Correct information generation unit 203 in the processing unit 103 extracts the right pronunciation information of the word of the text that is received from storage unit 102.
Display unit 104 demonstrates the text 701 that is received, pairing language category information of the user's who is received language setting and function selecting information 702, the right pronunciation information 703 of the word of the text that is received, and the information that misreads " Shi4 " 704 of the information that misreads " Si1 " of word " lion " and " Si4 " and word " four ".
Voice unit (VU) 105 is exported the right pronunciation information of the word of the text that is received in the mode of sound, and the information that misreads " Si1 " of word " lion " and the pronunciation of " Si4 ", the pronunciation of the information that misreads " Shi4 " of word " four ".
Fig. 8 shows second example of the information of emphasizing of one embodiment of the invention.Wherein, in this second example, suppose that storage unit 102 stored that wrong corpus 304 translated in the general word shown in Fig. 4 a-4c, wrong corpus 305 translated in the individual subscriber word and wrong corpus 306 translated in language-specific background word, and dictionary.
As shown in Figure 8, in this second example, the text that the receiving element 101 of device 10 receives is Chinese terms " automobile ", the pairing language category information of the user's who receives language setting is a Japanese, the user totem information that receives is " hillside plot ", and the function selecting information that receives is " wrong informational function translated in word ".
According to the function selecting information that is received is " wrong informational function translated in word ", and the 201 pairs of texts that received in text analyzing unit in the processing unit 103 of device 10 carry out text-processing, the following word of the text that acquisition is received: vapour, car, automobile.

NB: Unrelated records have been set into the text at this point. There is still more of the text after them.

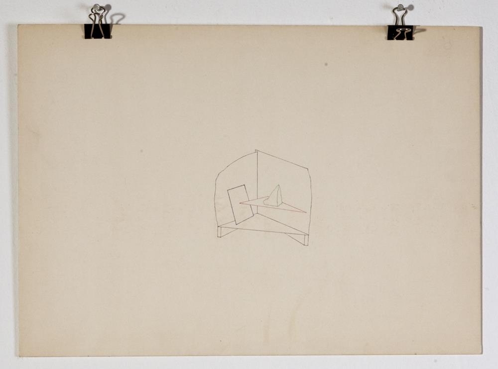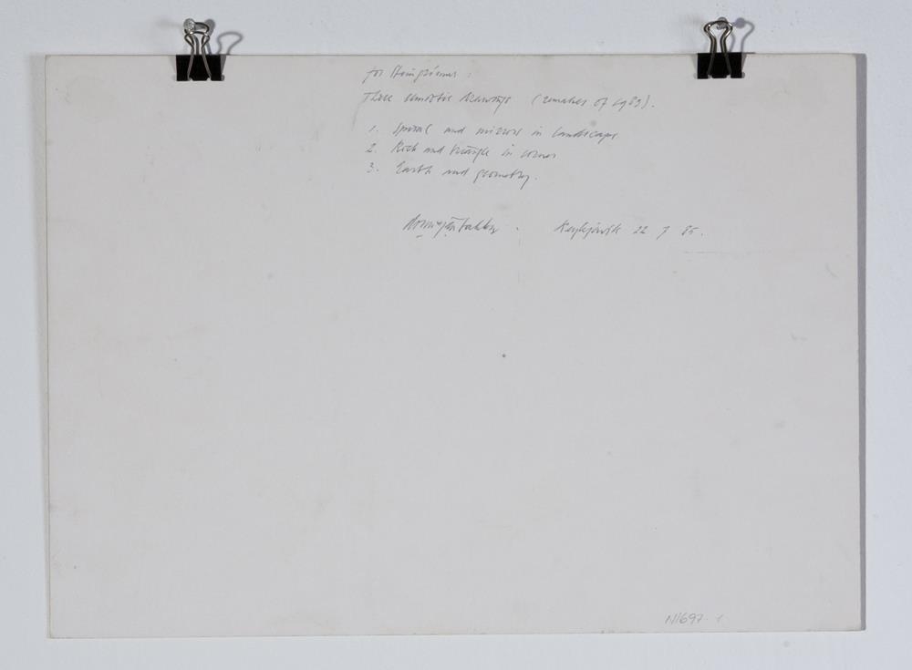 Pennateikningar á hörð spjöld - aðeins útlínur. Spjöldin eru númeruð af listamanni aftan á og titlar hverrar einingar eru skrifaðir aftan á fyrstu myndina:1 Spiral and mirriors in landscape 2 Rock and triangle in corner 3 Earth and geometry. Myndirnar eru frekar litlar á spjöldunum - gæti verið endurgerð á verki frá 1983 (sjá spjald 1)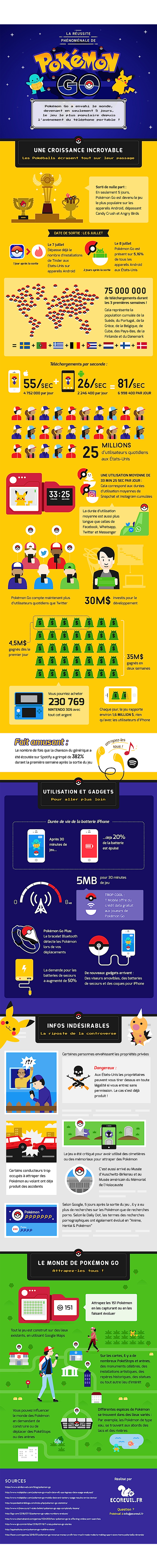 Les statistiques folles derrière le plus récent jeu mobile. La puissante combinaison entre nostalgie et technologies innovantes de jeux modernes a conduit Pokemon Go à devenir le jeu mobile ayant le plus de succès. Avec 25 millions d'utilisateurs quotidiens aux Etats-Unis seulement et une utilisation moyenne de plus de 30 minutes par jour, Pokemon Go est déjà un énorme succès, qui n'épargne pas la Corse, en dépit de sa sortie récente. Consultez notre infographie pour voir les chiffres fous du succès de Pokemon Go.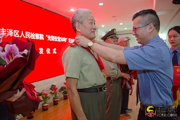 正義網(wǎng)泉州7月7日電(通訊員 王榮燦)近日,福建省泉州市豐澤區(qū)人民檢察院“憶初心 頌黨恩 擔(dān)使命”主題黨日活動,該院林志銘檢察長向黨齡超過50年的老黨員頒發(fā)“光榮在黨50年”紀(jì)念章,并組織開展慶祝建黨100周年系列活動,進一步增強使命感、歸屬感、榮譽感,引領(lǐng)廣大黨員干警守初心、擔(dān)使命,再創(chuàng)檢察輝煌。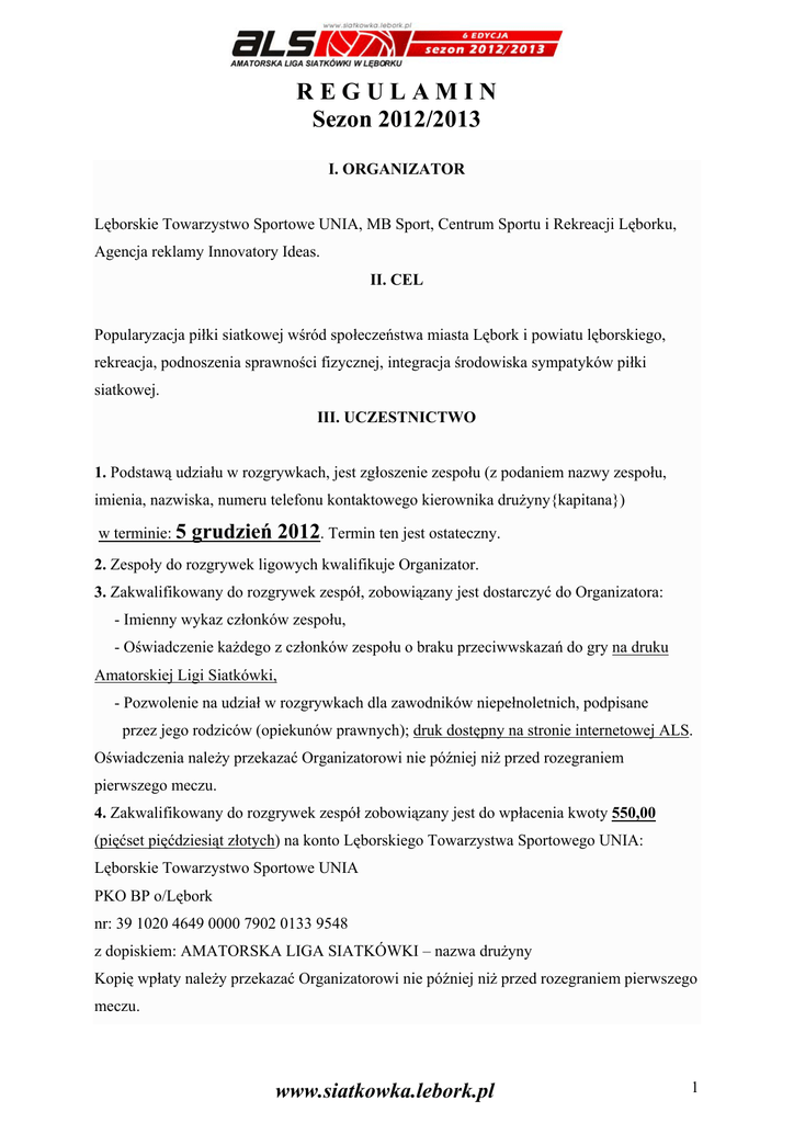 REGULAMIN - Amatorska Liga Siatkówki w Lęborku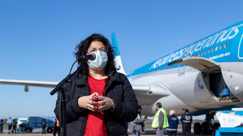 "No hay ninguna vacuna en la heladera", afirmó la ministra de Salud, Carla Vizzotti, en declaraciones a la prensa al llegar esta mañana al aeropuerto de Ezeiza, procedente de Rusia, junto con un cargamento de 650 mil vacunas Sputnik V -400 mil del componente 1 y 250 mil del 2- y 500 litros de sustancia activa, que es el granel para 750 mil dosis que van directamente al laboratorio Richmond.
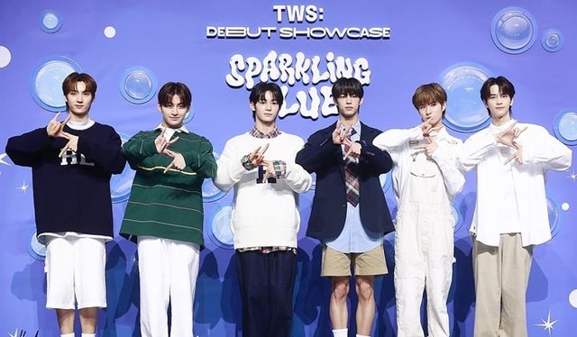 투어스(TWS)가 서울 용산구 블루스퀘어에서 열린 데뷔앨범 '스파클링 블루'(Sparkling Blue) 발매 기념 쇼케이스에서 포즈를 취하고 있다. / 연합뉴스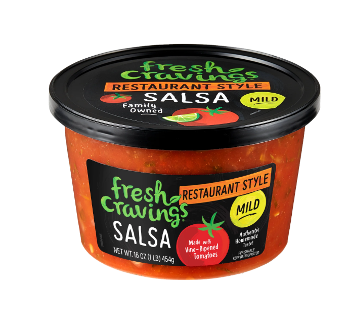 Fresh Cravings Fresh Produce, Refrigerated Mild and Restaurant Style Salsa, 16 oz Tub. Give your meals a tasty twist with Fresh Cravings Mild Restaurant Style Salsa. Made with vine-ripened tomatoes, this salsa has a mild heat level and authentic homemade taste. Use this tasty salsa to top tacos, scoop up with tortilla chips, add to an egg scramble, or use as a zesty salad dressing. Make Taco Tuesday (or any day!) unforgettable with Fresh Cravings Mild Restaurant Style Salsa. Please keep refrigerated. Allergen Statement: Contains Vegetables. Gluten-Free.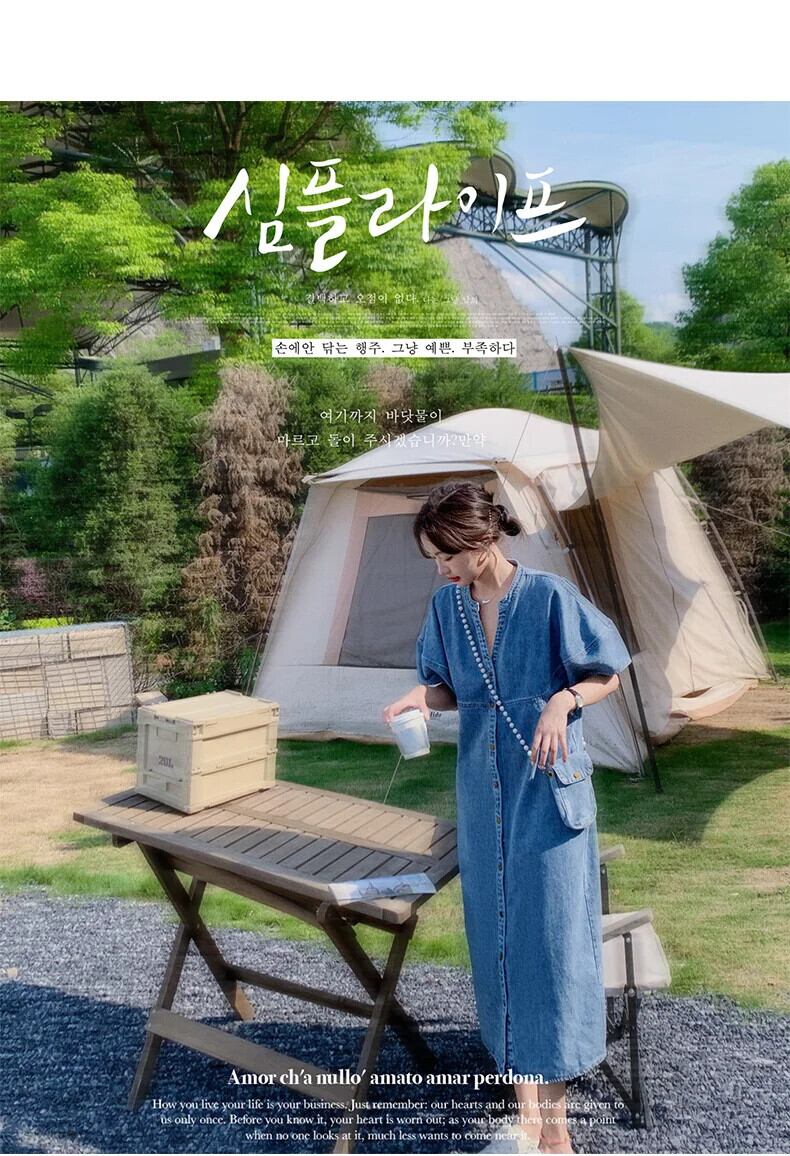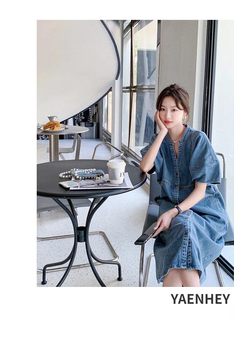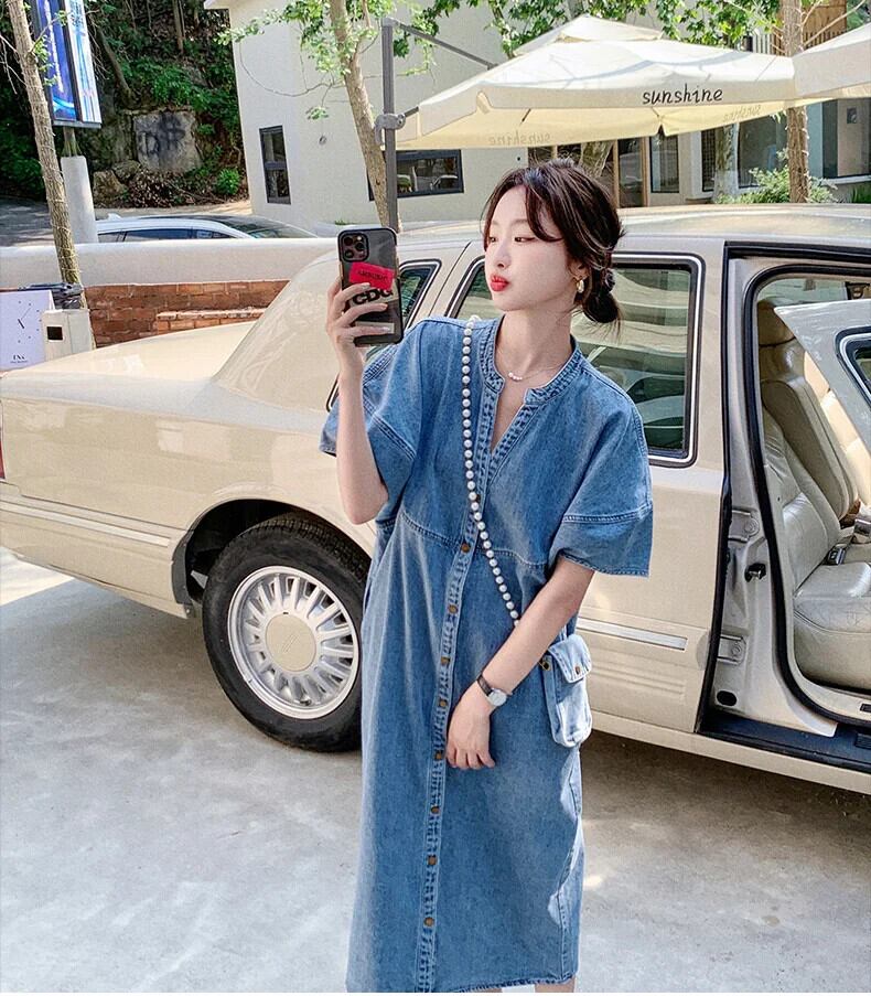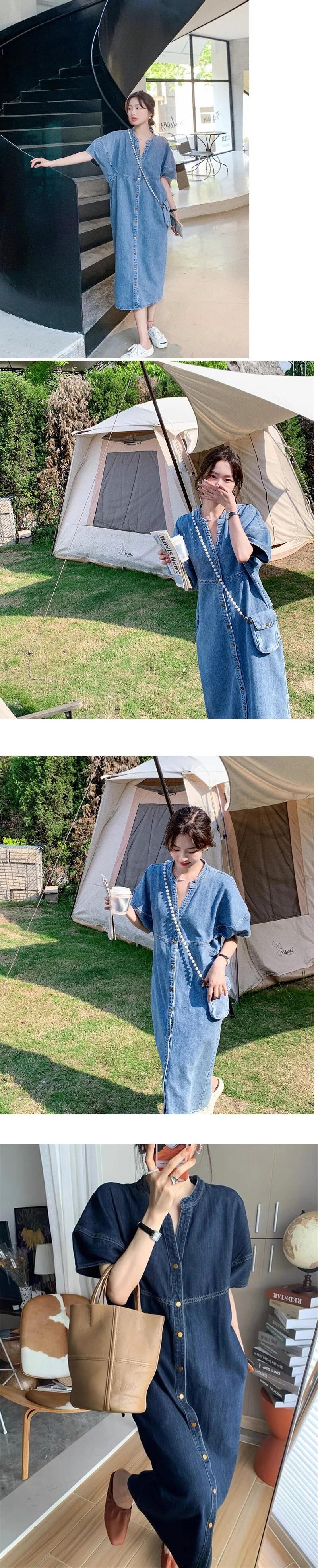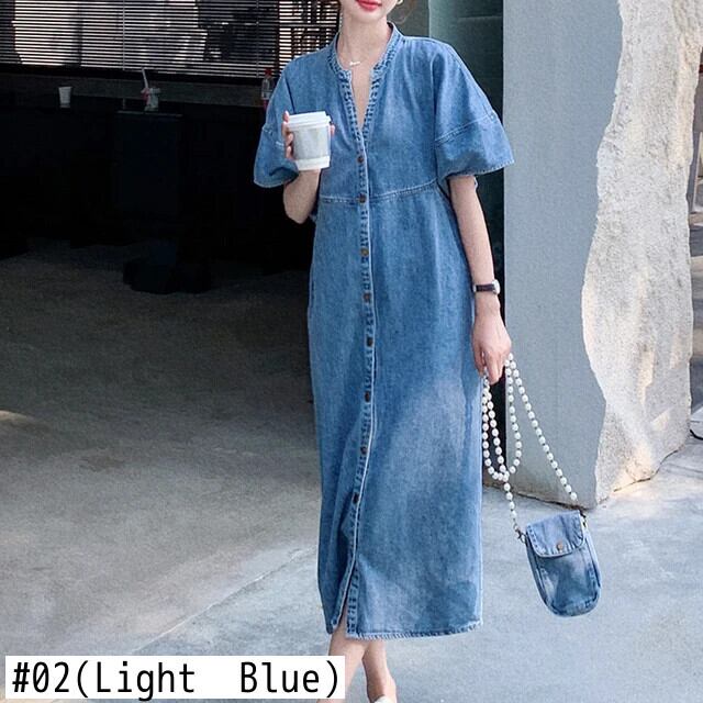 送料無料 ヴィンテージ V ネック薄いデニムミディドレス女性ストリートストレートビーチロングドレス夏 2023 サマー 夏物 Vネック ビンテージ AE00887878348224219

Because the function selecting information that is received is " wrong informational function translated in word ", so, the information of emphasizing generation unit 202 in the processing unit 103 of device 10 is translated from the general word of storage unit 102 and is extracted wrong information Japanese word of translating of Chinese terms " automobile " " automobile " and corresponding frequency information " 76 " thereof the wrong corpus 304, translate the frequency information " 7 " that extracts wrong information Japanese word of translating of Chinese terms " automobile " " automobile " and correspondence thereof the wrong corpus 305 according to the user totem information that receives " hillside plot " from the individual subscriber word of storage unit 102, and, according to the pairing language category information of received user's language setting is Japanese, translates from the language-specific background word of storage unit 102 and extracts wrong information Japanese word of translating of Chinese terms " automobile " " automobile " and corresponding frequency information " 66 " thereof the wrong corpus 306.Then, emphasize that information generation unit 202 calculates probabilistic information (76+7+66)/(the 76+44+7+5+66+89)=149/287=0.52 that translates wrong information Japanese word " automobile " of Chinese terms " automobile ".Then, emphasize translate probabilistic information from big to small the order that wrong information calculate of information generation unit 202 according to Chinese terms " automobile ", the wrong information of translating of Chinese terms " automobile " is sorted, because the wrong information of translating of Chinese terms " automobile " has only one, this day words and phrases languages " automobile " are so be arranged in the wrong information Japanese word of translating of Chinese terms " automobile " " automobile " first place of translating wrong information of Chinese terms " automobile ".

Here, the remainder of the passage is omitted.